Both shore cleanup crews in California and researchers studying the effects of European plastic bag bans have seen a decisive decline in bags on shores and in the oceans, respectively, since their respective bans.
Plastic in general has even been found all over the oceans, from that poor pilot whale’s stomach to the stomachs of shorebirds to the depths of the Mariana Trench. Scientists are still working out all the impacts, but what we’ve learned so far is alarming.
“There is a growing body of experimental evidence that shows that there are some sublethal impacts on kidney and liver function—maybe some reproductive effects,” to the near-ubiquitous ingestion of plastic by marine animals, Anela Choy of the Monterey Bay Aquarium Research Institute told Earther.
At the same time, trying to identify the origins—bags or otherwise—of this plastic is the “wild west,” according to Woods Hole Oceanographic Institute researcher Christopher Reddy.
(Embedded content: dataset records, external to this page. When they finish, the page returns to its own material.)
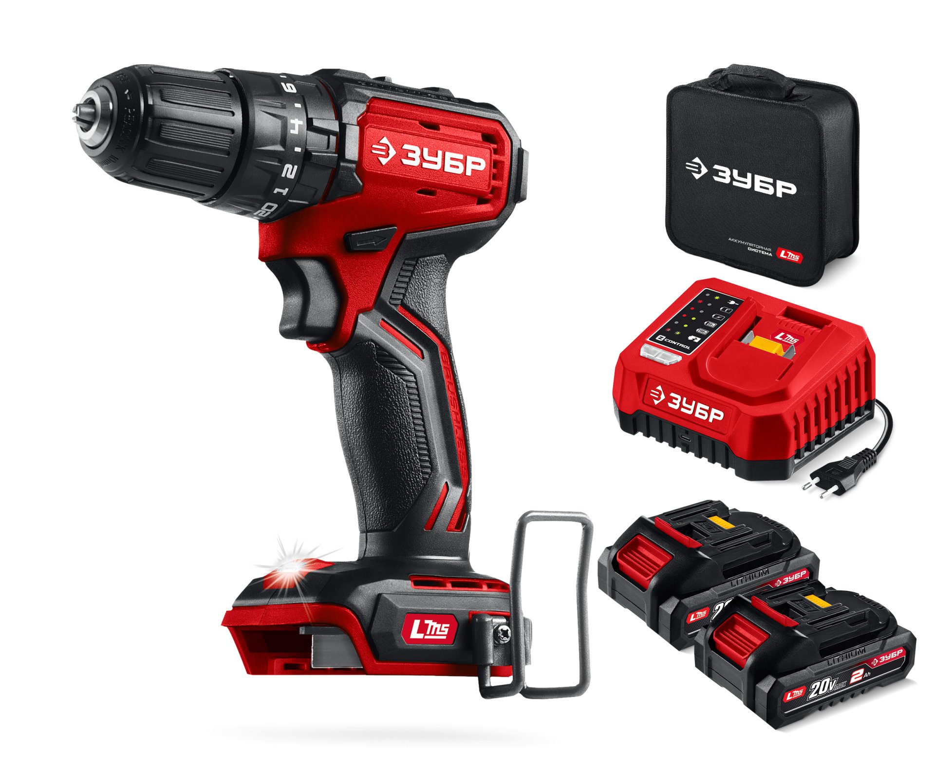 ЗУБР 20 В, 45 Н·м, 2 АКБ LMS (2 А·ч), бесщеточная ударная дрель-шуруповерт, сумка (ДБУ-45-22)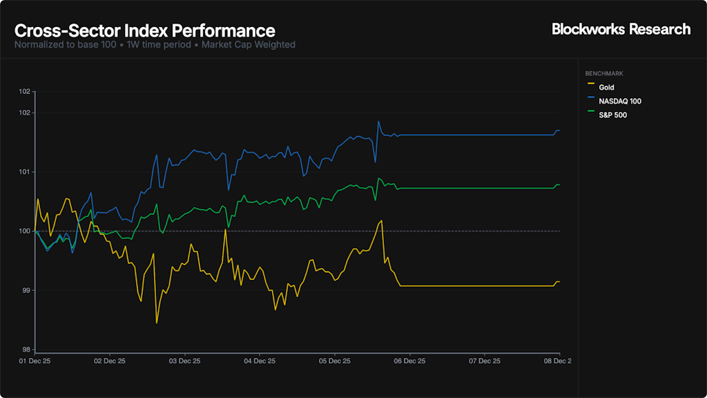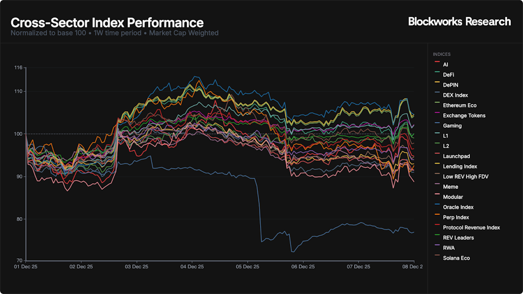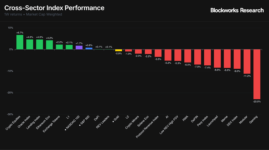Over the past week, oracles, lending and Ethereum ecosystem tokens performed well, with each up just over 4%. Crypto equities performed the best, up 6.7%, primarily due to outperformance by HOOD.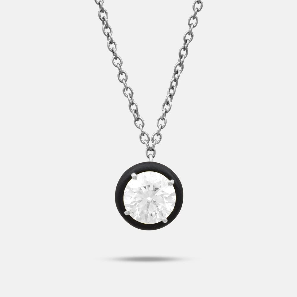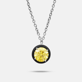 The Eclipse Black Luna Pendant evokes light emerging through an Eclipse. A 1.04ct yellow lab-grown diamond shines from within platinum detailing, anchored in matte black titanium. Clean, architectural, and radiant.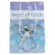 This is holiday graphic art of the filigree Christmas Angel of Faith in hues of blue and gold. There are gemstones on her halo and skirt, she is holding a cross with the word, "Faith", and her head is a blue gemstone. The angel is printed on the front and back over a blue-ombre background covered with snowflakes. The text on the white ribbon printed around the top can optionally be changed or removed.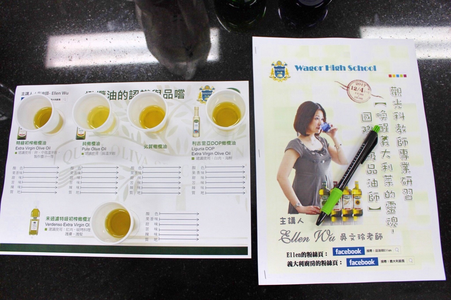 活動日期: 2017/12/04一、主辦單位:實習輔導處 觀光事業科 二、研習內容:106-1教師專業成長研習-「喚醒義大利菜的靈魂-國際高級品油師」 三、研習地點:烘焙一示範教室 四、授課教師:Ellen Wu(吳文玲)品油師 五、參加對象:葳格高中教師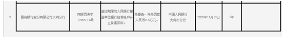 中国人民银行大同市分行近日公布的行政处罚决定信息公示表(同银罚决字〔2025〕6号)显示,晋商银行股份有限公司大同分行超过期限向人民银行报送单位银行结算账户开立备案资料。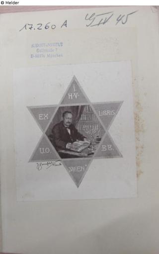 Exlibris in den Alben aus dem Offenbach Archival Depot verzeichnet: National Archives Washington, RG 260, Series: Photographs of Library Markings from Looted Books, Made by the Offenbach Archival Depot, Album I, Private Library Markings, Nr. H-87; Exlibris auch abgebildet bei Patka, Marcus G.: Die israelitischen Humanitätsvereine B’nai Brith für Österreich in der Zwischenkriegszeit und ihr Verhältnis zur „jüdischen“ Freimaurerei. In: Stern, Frank und Eichinger, Barbara (Hg.): Wien und die jüdische Erfahrung 1900-1938. Akkulturation – Antisemitismus – Zionismus. Wien/Köln/Weimar 2009, 115-129, hier 117, Abb. 1; zur Plünderung der Bibliothek: Triendl, Mirjam und Wahl, Niko: Spuren des Verlustes. Über die Arisierung des Alltags. In: „Arisierung“ von Mobilien (Veröffentlichungen der Österreichischen Historikerkommission. Vermögensentzug während der NS-Zeit sowie Rückstellungen und Entschädigungen seit 1945 in Österreich Band 15). Wien/München 2004, 253-428, hier 283.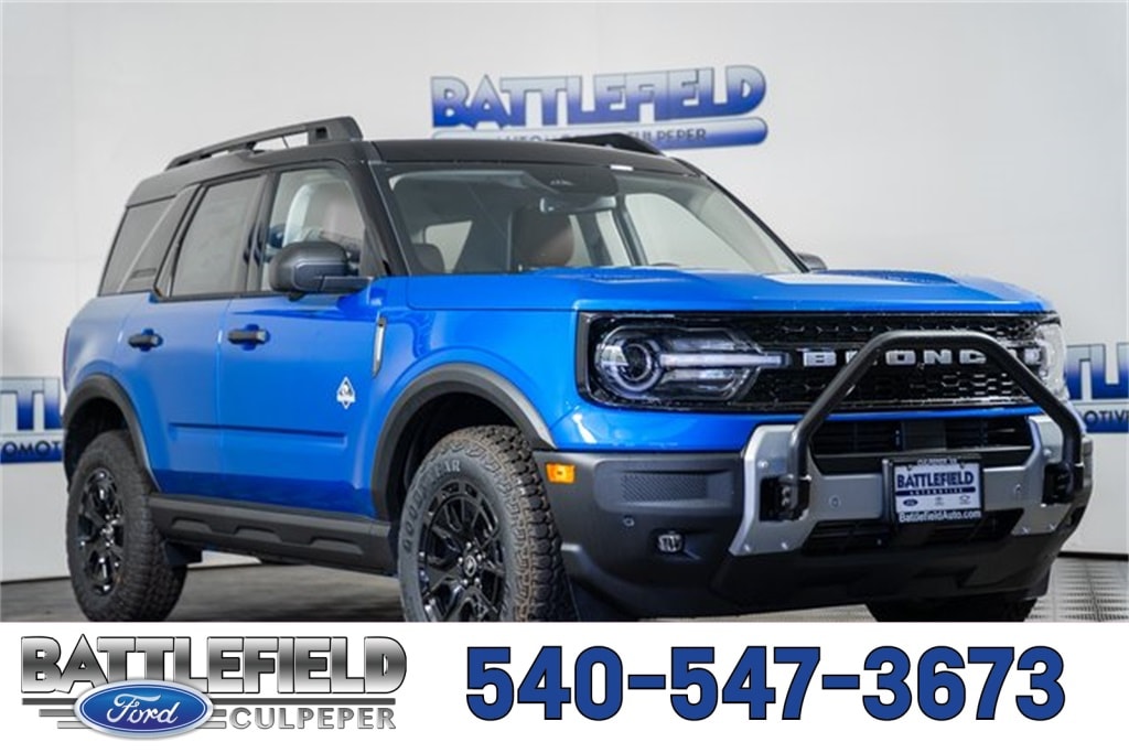 2025 Ford Bronco Sport Outer Banks BRAKES, 4-WHEEL DISC/ABS FORDPASS CONNECT INTELL ACCESS W/PUSH START REMOTE KEYLESS ENTRY REMOTE START SYSTEM SIRIUSXM - SVC N/A AK&HI SYNC4 W/EVR & 13.2" SCRN TERRAIN MANAGEMENT SYS-5, 110V/400W AC Power Outlet, 2nd Row Carpeted Seatback, Auto High-beam Headlights, Automatic temperature control, Auxiliary Switches & Wiring, B&O Sound System by Bang & Olufsen, Brush Guard, Class II Trailer Tow Pack w/Trailer Sway Control, Connected Navigation, Emergency communication system: SYNC 4 911 Assist, Equipment Group 300A, Fender Tie Downs, Front & Rear Black Bumpers, Front Parking Sensors, HD Radio, Heated front seats, Heated steering wheel, High Clearance Fender Flares, HOSS 2.0 Off-Road Suspension, Interior Grab Handle, Memory seat, Outer Banks Tech Package+, Power Moonroof, Rain sensing wipers, Rear Parking Sensors, Recovery Hooks, Remote keyless entry, Sasquatch Outer Banks Package, SYNC 4 w/Enhanced Voice Recognition, Trail Control for Off-Road, Wheels: 17" Ebony Black-Painted Aluminum. 25/30 City/Highway MPG Price includes: $1000 - Retail Bonus Cash. Exp. 01/05/2026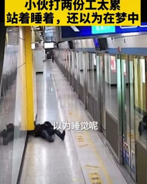 一名男子靠在地铁门上等地铁,但也许实在是疲惫不堪,竟站在那里睡着了。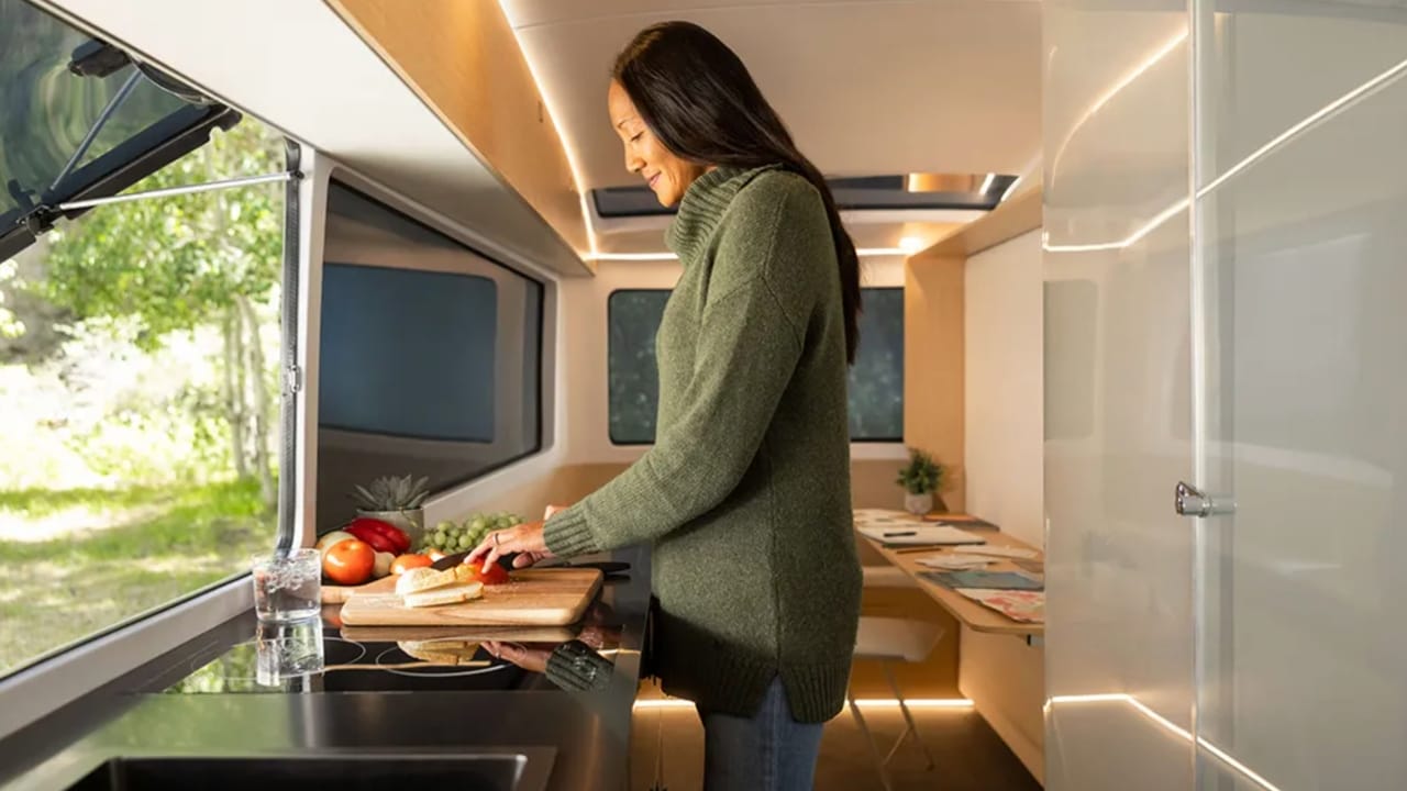 Outside all its smart tech, the 25-foot-long Flow is also one of the more unique-looking trailers available. The caravan has a minimalist design with giant wrap-around windows that provide a 270-degree view of the surrounding landscape. The streamlined look carries over to the versatile interior. There you’ll find a kitchen with a two-burner induction stove, a smart-glass encased bathroom, and a multi-purpose space with a Murphy bed that can be folded up for access to a mobile workstation or dinette. There’s also a flip-up service window next to the kitchen block that allows for indoor and outdoor cooking.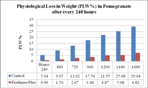 As seen in Fig-3, at the end of 65 days, Freshness Plus showed only 6.82 % PLW as compared to 29.04 for Control.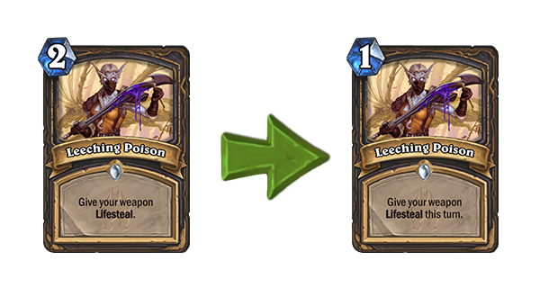 最后一个削弱就是弑君贼的核心吸血药膏了,虽然费用少了1费,但是效果是只在本回合生效了,意思就是只能吸一次血,这对弑君贼来说无疑是很致命的,毕竟盗贼很多时候都是靠卖脸回血啊。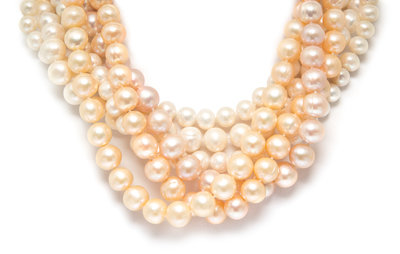consisting of three double strand knotted pearl necklaces in shades of white, pale pink and pale peach with white gold tone clasps, together with four single strand knotted pearl necklace in shades of white, pale pink and pale peach with yellow gold tone clasps.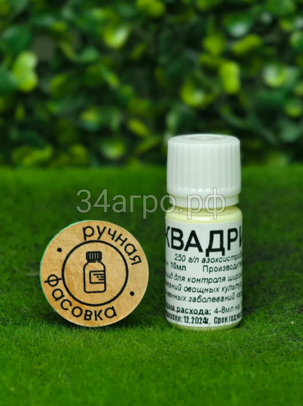 Квадрис, СК (суспензионный концентрат) - содержит 250 гр/кг азоксистробина. Фунгицид от компании Syngenta для защиты овощных культур и винограда от широкого спектра грибковых болезней. Препарат оказывает антиспорулирующее и ингибирующее влияние на прорастающие спор патогена, действует как на внешней стороне листа, так и внутри его.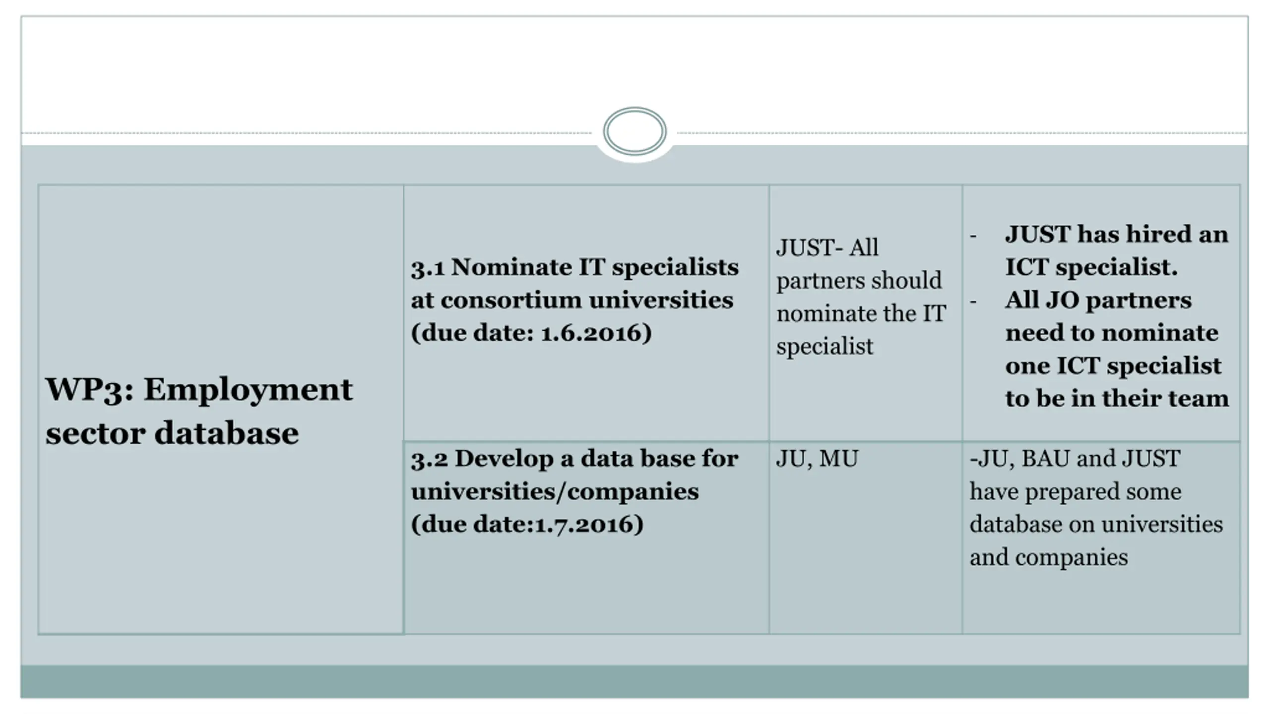 JUST has hired an ICT specialist. All JO partners need to nominate one ICT specialist to be in their team - JUST- All partners should nominate the IT specialist 3.1 Nominate IT specialists at consortium universities (due date: 1.6.2016) - WP3: Employment sector database 3.2 Develop a data base for universities/companies (due date:1.7.2016) JU, MU -JU, BAU and JUST have prepared some database on universities and companies

That’s because a huge amount of it exists as tiny pieces known as microplastic.
According to the Scripps Oceanographic Institute’s Jennifer Brandon, the most common type of microplastic out there is polyethylene, essentially the same stuff our carry out bags are made of. Still, nobody can really say how much of our current microplastic problem comes courtesy of them.
So, if plastic bag bans can reduce pollution, but leave us with bags that are less sustainable in other categories, what are we to do?
Well, for coastal areas, plastic bag bans probably make sense. For everywhere else, it’s a bit more dependent on how much we reuse those reusable bags.
As a general rule if you’re using totes, use them like hell. Sadly, some surveys suggest that people forget their totes on 40 percent of grocery trips. Others peg them as only getting used, on average, 15 times—a far cry from 7,100. What you can’t put in the totes, just put in plastic bags, and reuse said bags.
Or, if you have a bike with a rack, get pannier bags, They double as totes. Plus, cycling to the store is better anyway.